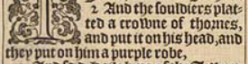 2 And the souldiers platted a crowne of thornes, and put it on his head, and they put on him a purple robe,
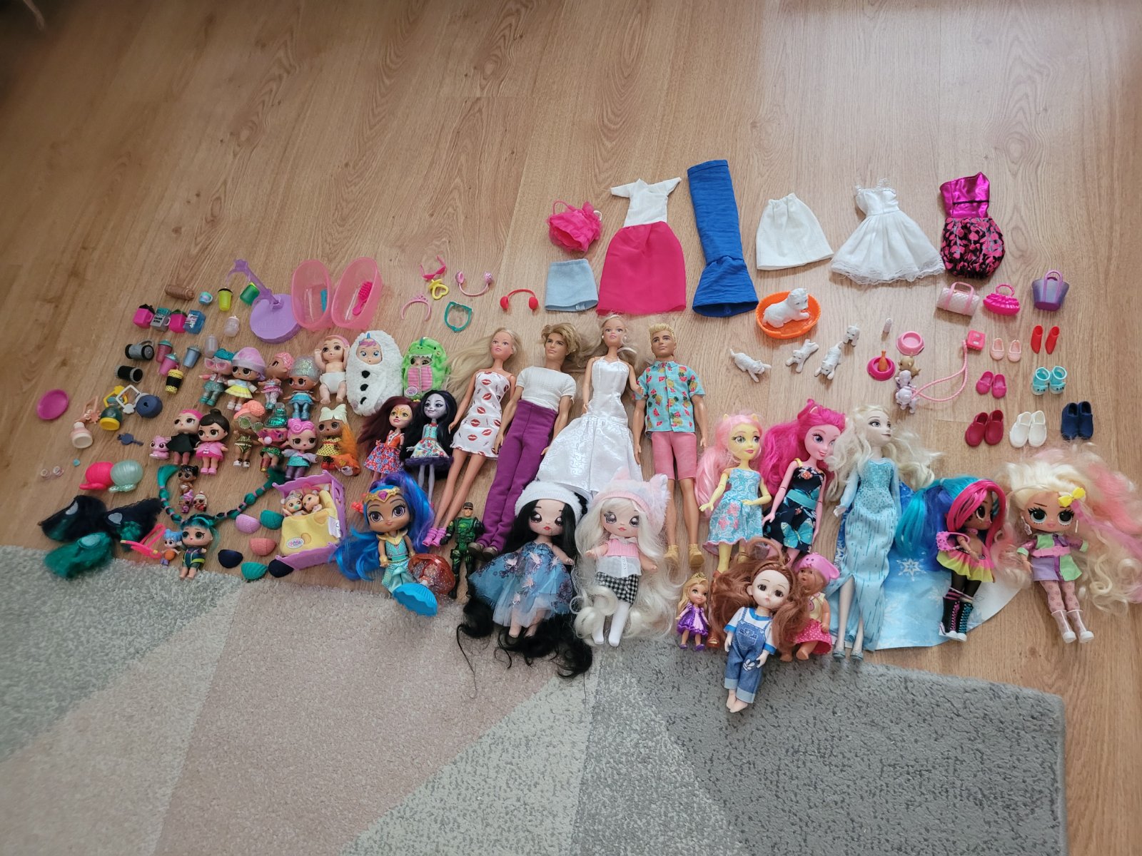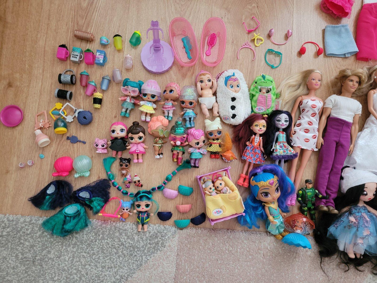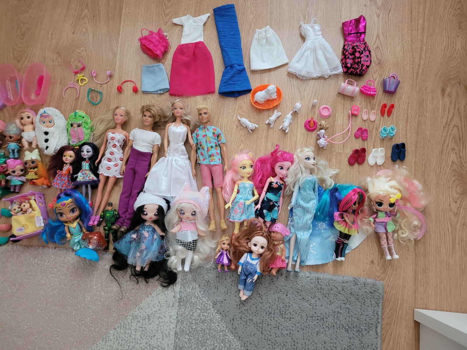 Bábiky rôzneho druhu s príslušenstvom.
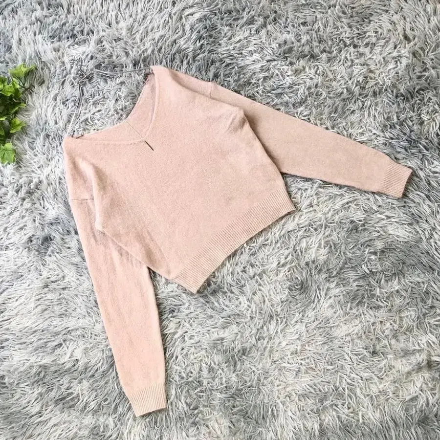 MERCURY DUO [ M ] 옅은 핑크 목걸이 포함 V넥 크롭 니트
----------
#### Problem description
The response consists of the data above printed line for line, with no pictures.

#### Result for this exercise
 2 And the souldiers platted a crowne of thornes, and put it on his head, and they put on him a purple robe,
 Bábiky rôzneho druhu s príslušenstvom.
 MERCURY DUO [ M ] 옅은 핑크 목걸이 포함 V넥 크롭 니트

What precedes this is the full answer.